I work in comms and content and I think there are 3 main things you need to clearly know and address in any messaging – be it scriptwriting, copywriting, editorial think pieces, or sponsored content.

  1. The What: What are you really saying? Do you know? THis is why I think AI won’t replace human writers – it has nothing new or original to say. It can only repackage things that came before. When it comes to ads, every message must feel embedded and its relevance to this moment understood. 
  2. The Who: Who are you saying it to? Who is your audience? The message must speak to what the audience actually cares about, not what the advertiser wants them to care about. 
  3. The Why: Why this product and why now? If the only answer you have for both is “someone’s paying for this,” then you’re doing a crap job. Even a casual viewer notices clunky product placement and is turned off by it. And when that happens, people are pulled out of the story. They’re distracted, they’re cringing, and they’re reaching for the remote. When that happens, your brand takes a major hit when it comes to both integrity and authenticity.

The moment your story starts carrying too many products, it stops carrying any meaning. And audiences care deeply about that.

It’s frustrating when great shows start to feel like over-monetized brand pitch decks. So, whether you’re writing for television or building narratives inside an organization, great writing still requires that you ask: Am I serving the narrative, or just treading water until we get to the next brand integration? When the answer tilts too far toward commerce, creativity starts to erode and you lose your audience.

Shows are already writing for something called second screen viewing – dumbing down shows so they are easier to follow when the viewer is simultaneously on a second screen (i.e. scrolling on their phone).

That feels incredibly sad to me: stories made to be half-watched by half-present people. We can do better.

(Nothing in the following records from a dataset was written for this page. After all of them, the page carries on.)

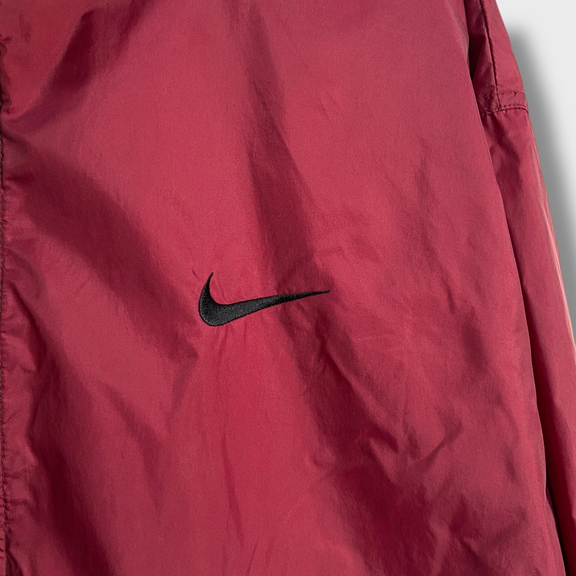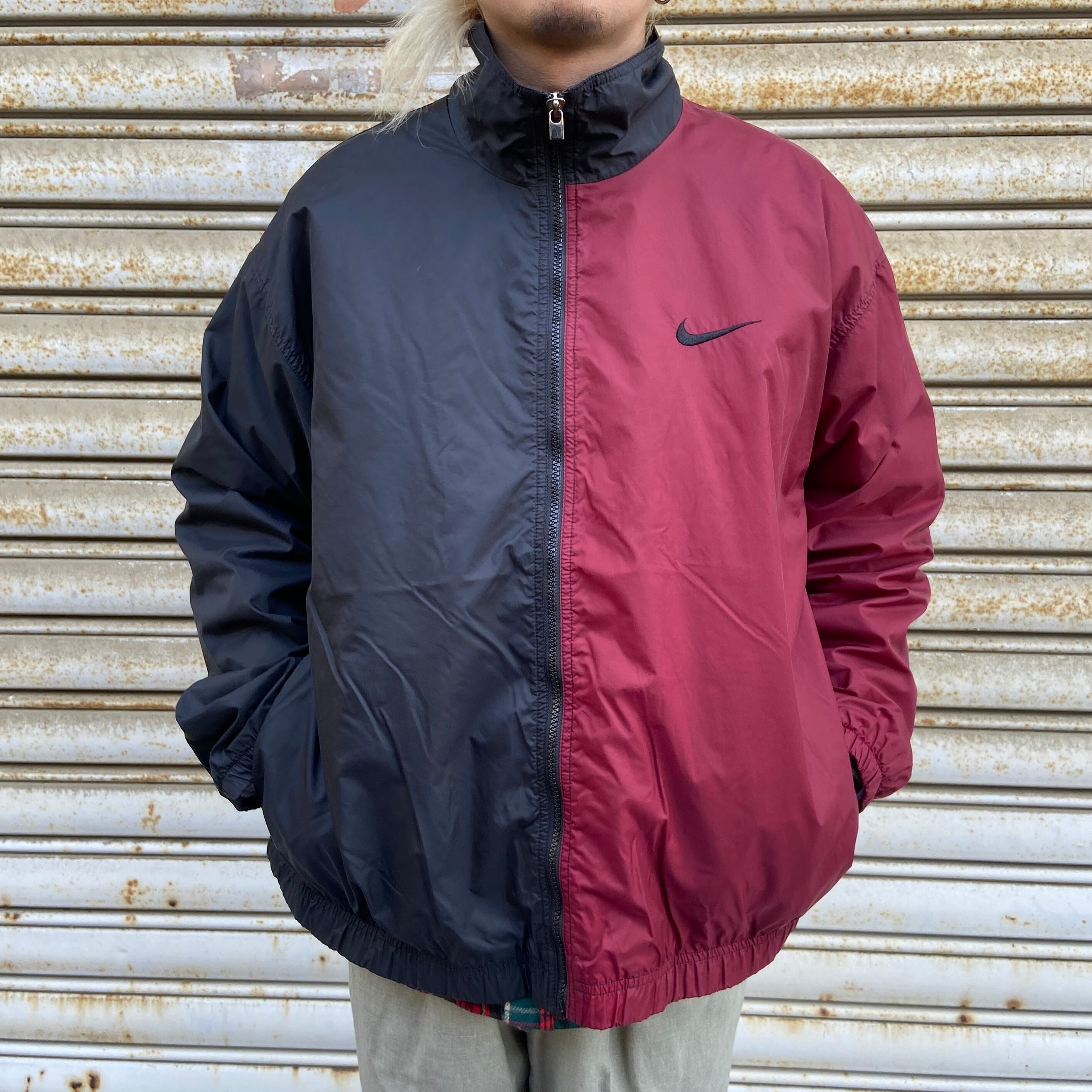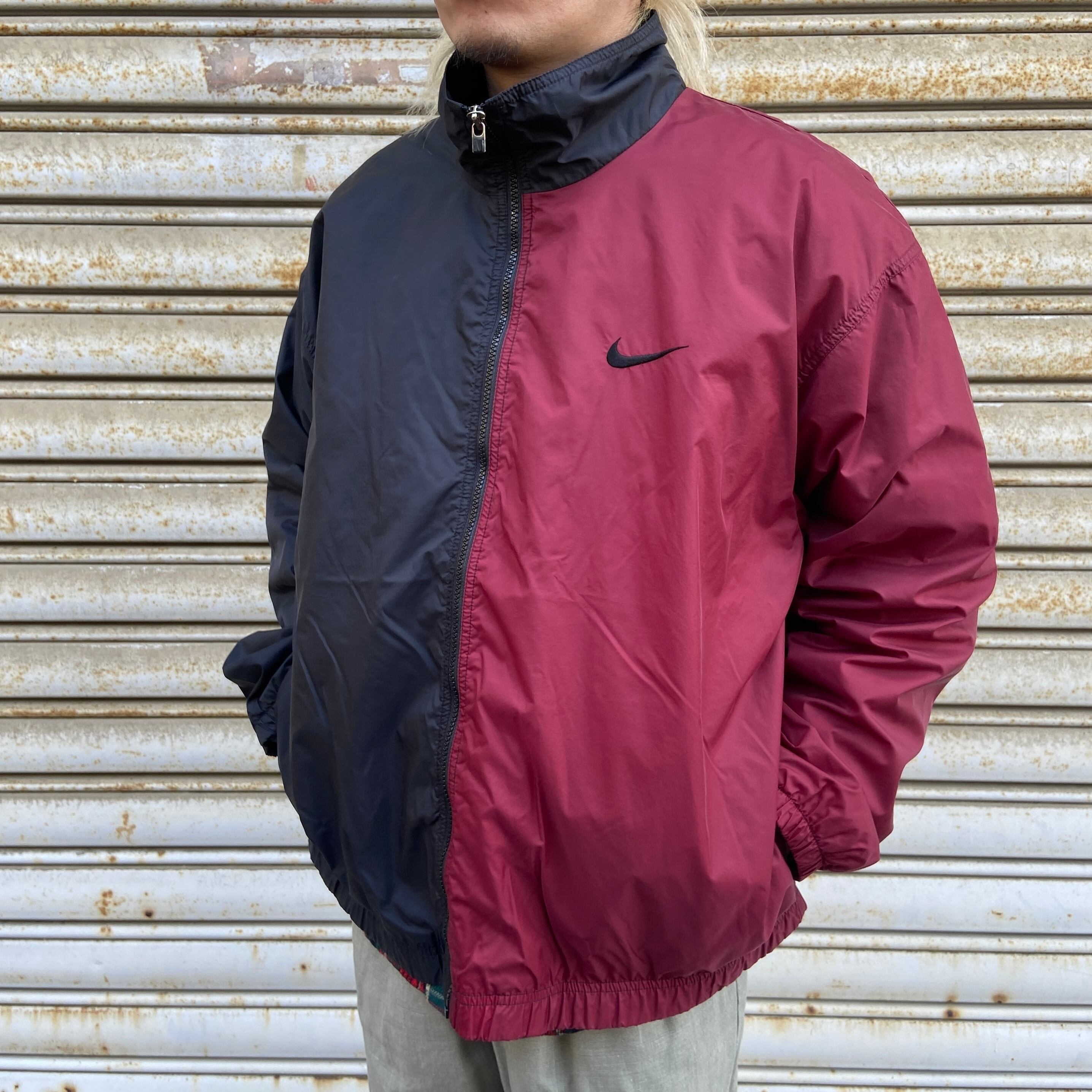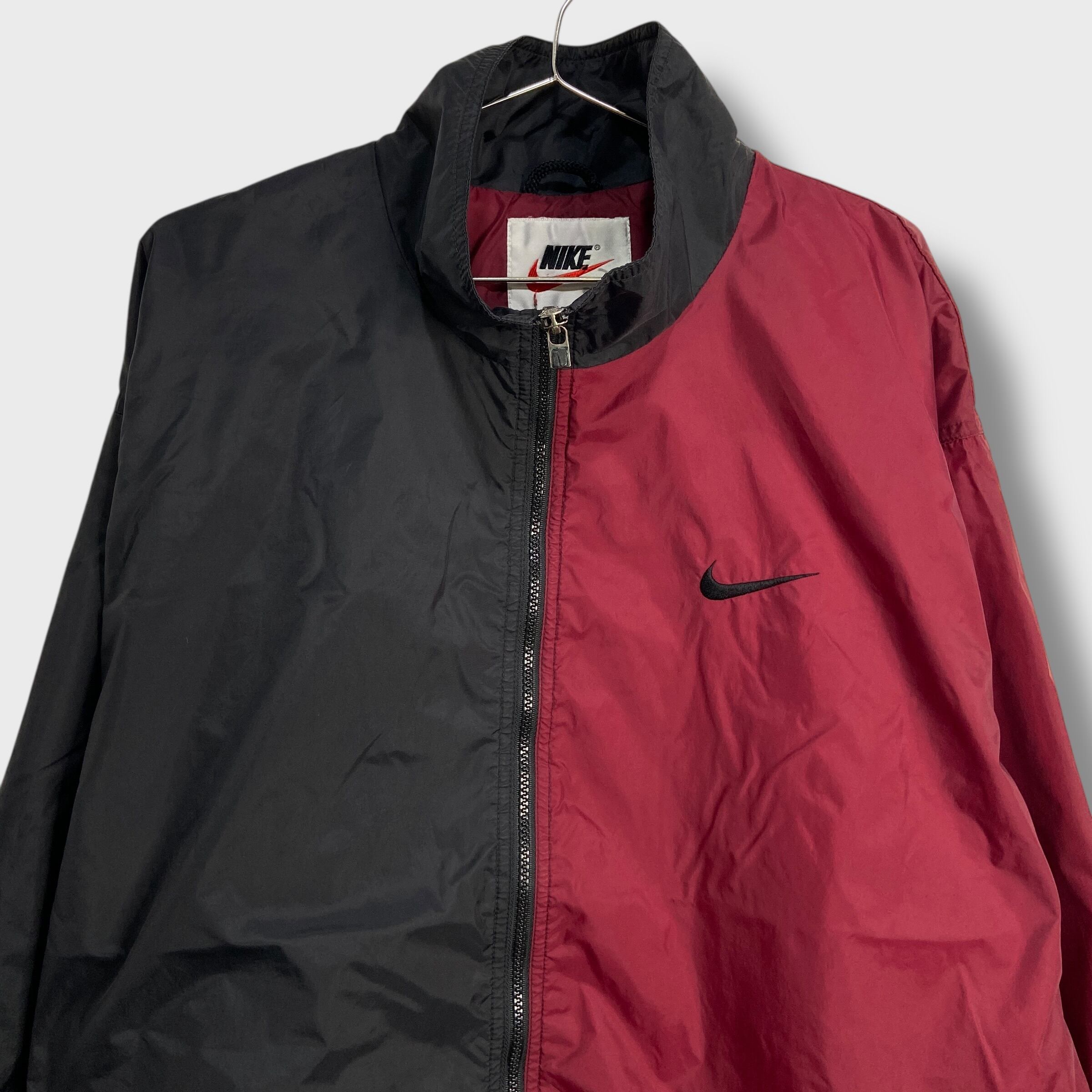 90s NIKE ツートンナイロンジャケット ビッグロゴ L エンジ 黒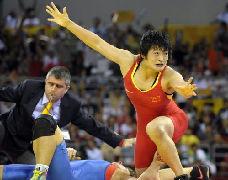 China's Wang Jiao (R) reacts as she wins her fight against Bulgaria's Stanka Zlateva (on ground) in the wrestling women's 72kg freestyle of the 2008 Beijing Olympic Games on August 17, 2008 at the China Agricultural University Gymnasium in Beijing. China's world junior champion Wang Jiao beat two-time world senior champion Stanka Zlateva of Bulgaria to win the Olympic women's wrestling 72kg. [Agencies]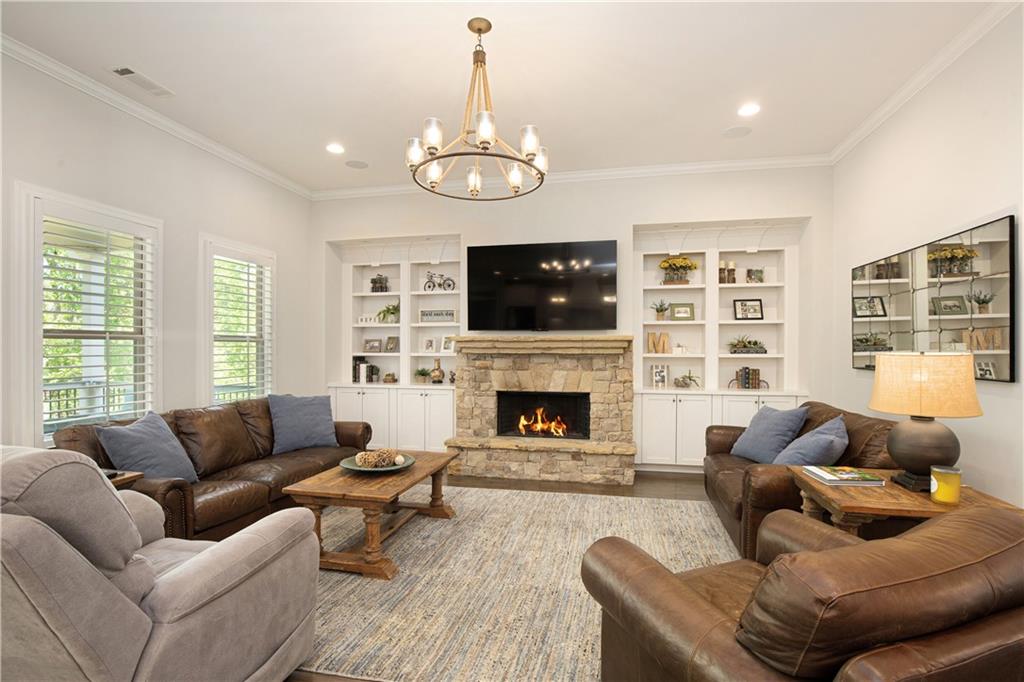 This exceptional Southern traditional home is a true showcase of craftsmanship, thoughtful design, and timeless style. From the moment you arrive, the inviting covered front porch and classic architectural details set the tone for what lies within.Step inside to a light-filled, open-concept floor plan where custom finishes and intentional design are evident at every turn. The spacious family room is the heart of the home, featuring stunning built-ins and a seamless flow into the chefs kitchencomplete with a large island, walk-in pantry, and an elegant butlers pantry, perfect for entertaining. Multiple dining spaces offer flexibility for both formal gatherings and everyday living.The main level is designed for comfort and convenience, featuring a luxurious primary suite along with two additional bedrooms connected by a Jack-and-Jill bath, plus a well-placed powder room. A thoughtfully designed mudroom with a built-in dog crate, custom doors, and a dedicated friends entry adds both charm and functionality. The main-floor laundry room enhances everyday ease.Upstairs, youll find two expansive private en-suite retreatseach with its own staircaseoffering incredible flexibility for guests, teens, or multigenerational living.The full, unfinished basement provides endless potential for future expansion, while the outdoor living spaces are already nothing short of spectacular. Enjoy both a covered back porch and a welcoming front porch, all overlooking a beautifully leveled and meticulously maintained backyardcomplete with a fire pit and plenty of space to relax or entertain.With a rare 4-car garage, distinctive custom features throughout, and undeniable pride of ownership, this home offers a unique opportunity to own something truly special.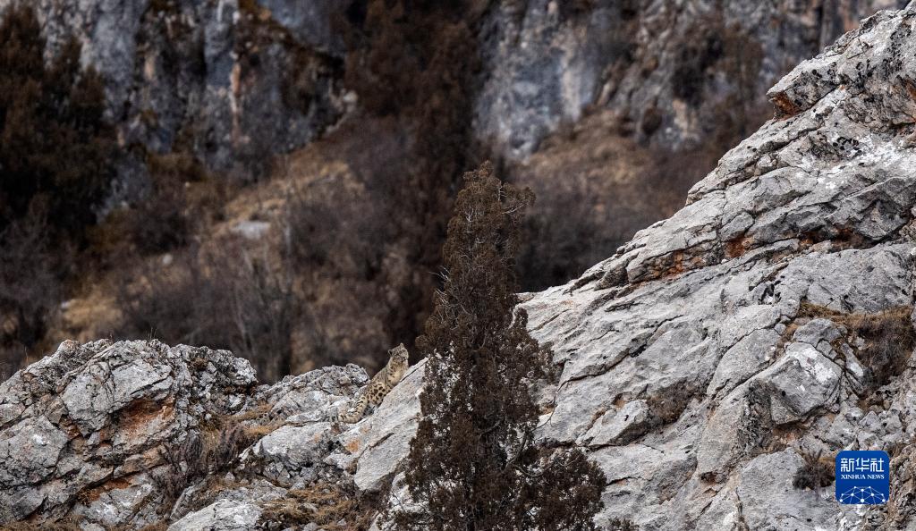 2月21日,在青海省玉树藏族自治州杂多县昂赛乡境内的昂赛大峡谷内,一只雪豹正在休息。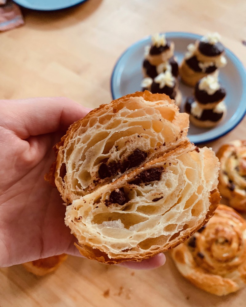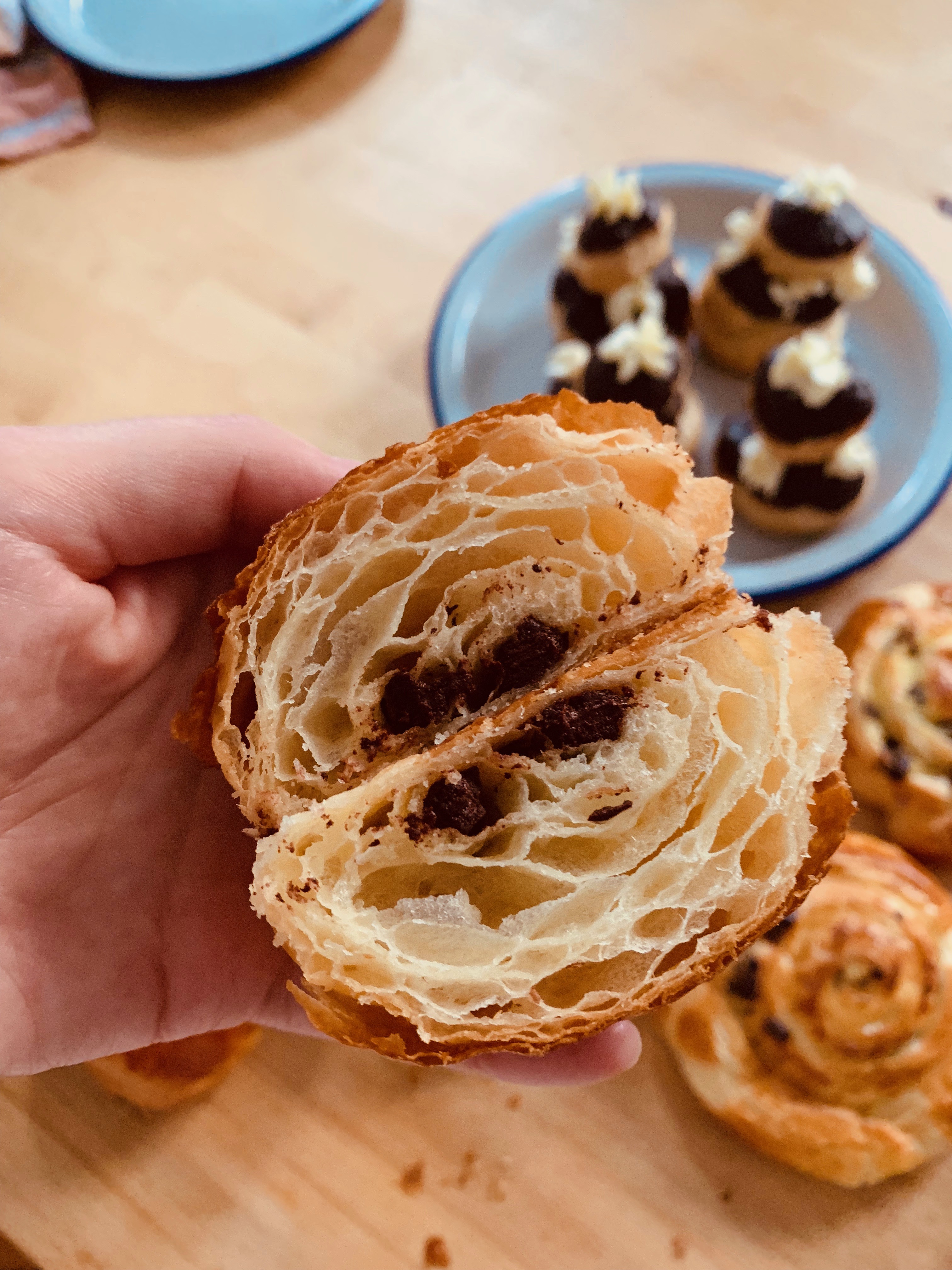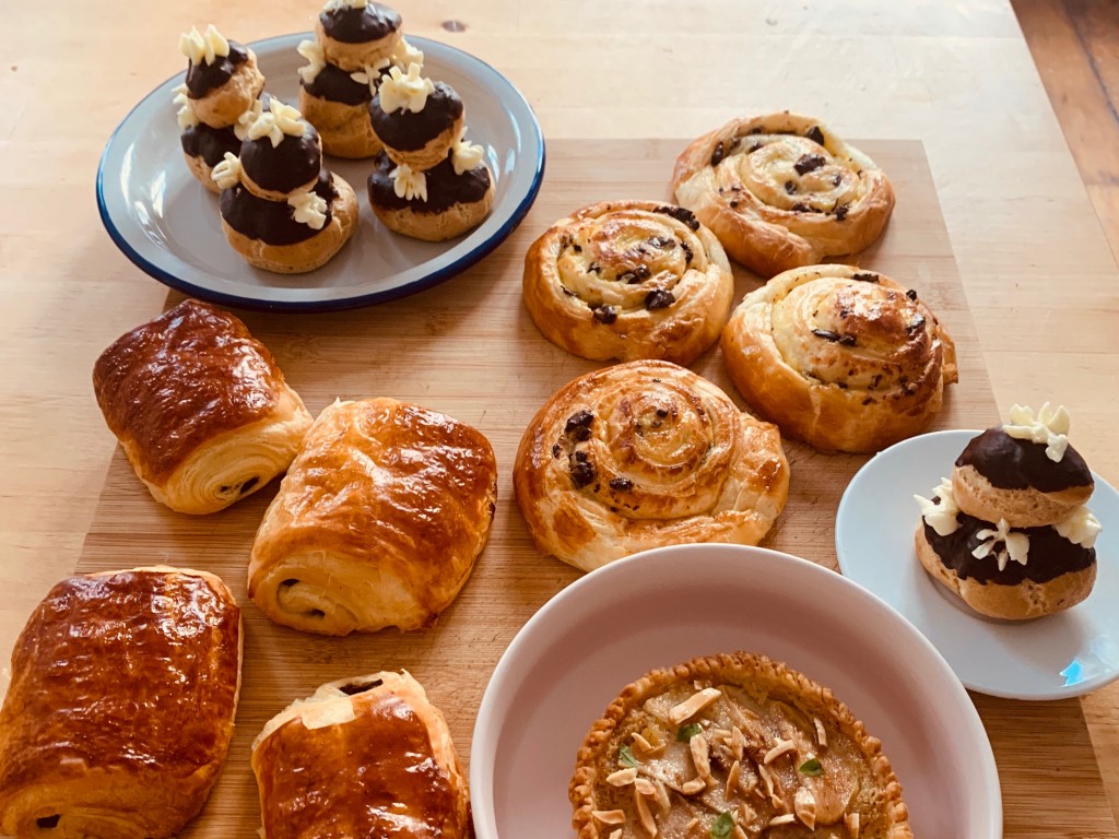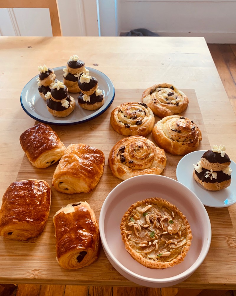 pain au chocolat, tartelette bourdaloue, religieuses au chocolat

But I do worry that the era of spon-con slop is upon us. Can we fight it and preserve the medium for actual storytelling? I truly hope so. 

Because stories make up the very fabric of the human experience. They are how we make sense of the world, understand each other, understand ourselves, build communities, foster empathy, expand our creativity, communicate our own feelings, share our experiences, and so much more.

In short: stories are how we connect, remember, and make meaning. They’re not commodities, they’re our connective tissue.

And when a show forgets that, when it collapses under the weight of its own brand obligations, audiences will leave. Because especially on Netflix, there’s always something else to watch. And right now, Nobody Wants This. (Heh.)